Being an artist today seems to mean conforming to people's personal tastes, creating kitsch to adorn the blank walls so their home will look pretty. Ademola is a model for the artists many seek to be, but won't become for years to come; if they even last that long.

Ademola is always keeping in the moment, creating and playing through his art. In the 60's he painted and was involved in various prominent social organizations, reflecting the turmoil and great burst of creativity from that era. In the 70's and 80's he continued to cultivate his work against the flow of the glamourization of art and the SoHo scene. In the 90's he is still producing and adding work to personal collections and museums nationally and internationally.

But on looking back to move forward now, he is hopeful for the future, (he says we've made leaps and bounds) but is bored with contemporary art. I met with him in Brooklyn's Botanic Garden on one of the last few days of blissful weather to ask him one question: Why?



Artist Keith Duncan


Heather: Why are you bored with contemporary art?

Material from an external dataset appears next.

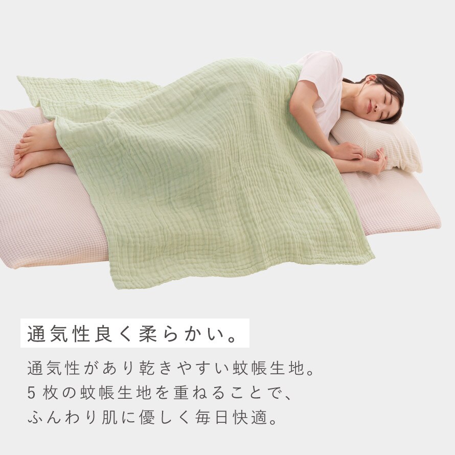 蚊帳生地を贅沢に5枚重ねた贅沢な素材感。蚊帳織り特有の空気を通す構造で、蒸れずにさらっと快適に過ごせます。「冷えすぎるエアコンが苦手…」という方にもおすすめの一枚です。

Ademola: It appears to me as if the artist is concerned more with craft, and really without content. And I realize in the post modernism period there is an intellectualizing of arts objective. It seems that to have an objective in art is, what I call, intellectual masturbation. Of course, I love to masturbate, but I don't intellectualize; I fantasize.
So much of art, this post modern visual discourse,
tends heavily on explaining what the art means. For
writers and critics this is heaven.


H: Is it just artists? Are we underestimating the intelligence of our audiences?

A: I think post modernists engage the audience. I don't think it's underestimation. The problem is not with the audience, it's the content in which the art is created. A lot of art is sterile, devoid of feeling. In some ways its a hybrid of minimalism 30 years too late.

H: A hybrid?

A: Well, the premise of minimalism was that you reduce an object to it's most primitive form. And give the viewer a sense of space, and place basic objects in relationship to the space in a new way.

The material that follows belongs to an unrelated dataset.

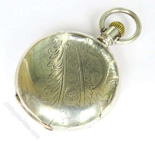 The watch is larger than a standard 50mm pocket watch, this one measures 59mm diameter excluding the winding stem and the loop. The case is coin silver and was made by Blauer & Sperry who had a factory in Chicago. Coin silver was usually 90 percent pure silver and 10 percent copper. It has the smallest amount of silver in a metal that could be legally marketed as silver in the United States.

H: Is there any exceptional art out there?

A: There is work that is being produced that I like, and it's exciting. But it appears to me that there is a generation of artists that possess craft but have no intellectual weight. And ultimately have no real relationship to humanity.

H: What do you attribute that lack of relationship to?

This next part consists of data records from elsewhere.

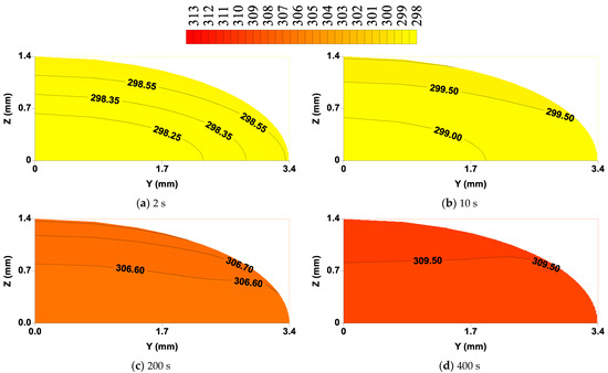 The temperature distribution inside the lentil grain is presented in Figure 9, at times 1000, 5000, 10,000, 20,000, 40,000 and 85,000 s. The constant temperature lines (isotherms) showed that the heating is faster on the surface of the solid, and this heating process occurs from the surface to the center of the body, unlike that of the moisture content. However, unlike what has been verified for moisture content, the temperature distribution inside the lentil grain is practically uniform at any drying time, a typical condition of low convective effects.
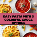 This pasta recipe offers a delightful twist with three colorful sauce options: tomato, cream, and basil pesto. It’s a simple way to enjoy vibrant flavors and create a dish that suits your mood or occasion.
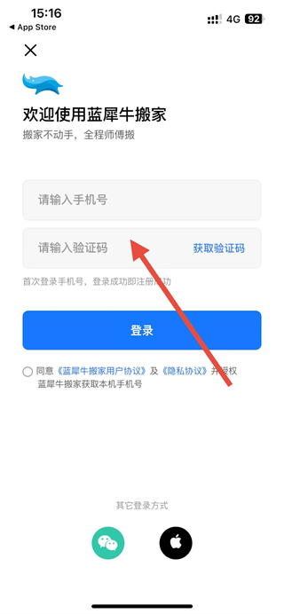 3、在登录注册页面输入手机号码和验证码。
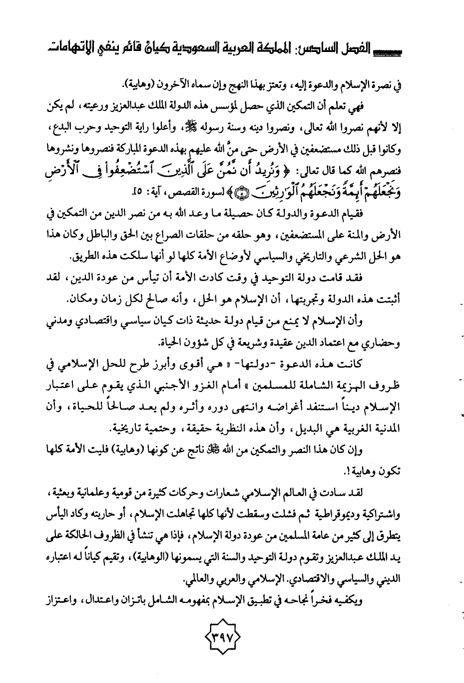لقد سادت في العالم الإسلامي شعارات وحركات كثيرة من قومية وعلمانية وبعثية، واشتراكية وديموقراطية، ثم فشلت وسقطت؛ لأنها كلها تجاهلت الإسلام، أو حاربته، وكاد اليأس يتطرق إلى كثير من عامة المسلمين من عودة دولة الإسلام، فإذا هي تنشأ في الظروف الحالكة على يد الملك عبد العزيز، وتقوم دولة التوحيد والسنة التي يسمونها (الوهابية) ، وتقيم كيانًا له اعتباره الديني والسياسي والاقتصادي. الإسلامي والعربي والعالمي.

A: Pop art is a movement. Abstract impressionist art was a movement. There the objective was to protest imperialism. It was an attempt for those artists to get away from the norm. Glamorization has affected a lot of younger artists. They want the glamour but there is no zeal to change the world. They are fitting in. Fitting into the formula of success.

H: What is originality today?

A: Well that is the central question. We're talking about the real world. I am very concerned , in terms of my own career, with knowing what younger artists are doing. Knowing what the trends are but staying within the circle of originality.


H: What do you do to stay in that circle and maintain perspective?

A: I have been blessed with many experiences from singing doo wop, playing in bands...You have to keep an openness that keeps you open to new ideas. I believe Einstein, one of the great thinkers of the 20th century, opened up possibilities of muti-dimensionalism...and my exposure and experience in the Yoruba belief system..

H: Does faith play on people's perspective in art?

A: It is a belief system, an understanding. It keeps the mind open to all the possibilities. That's why the Orgy turns me on. They're is an existing body of minds that are action oriented, analytical, socially conscious, and working towards evolutionary change. And it's reassuring that there is this generation, this body that exists.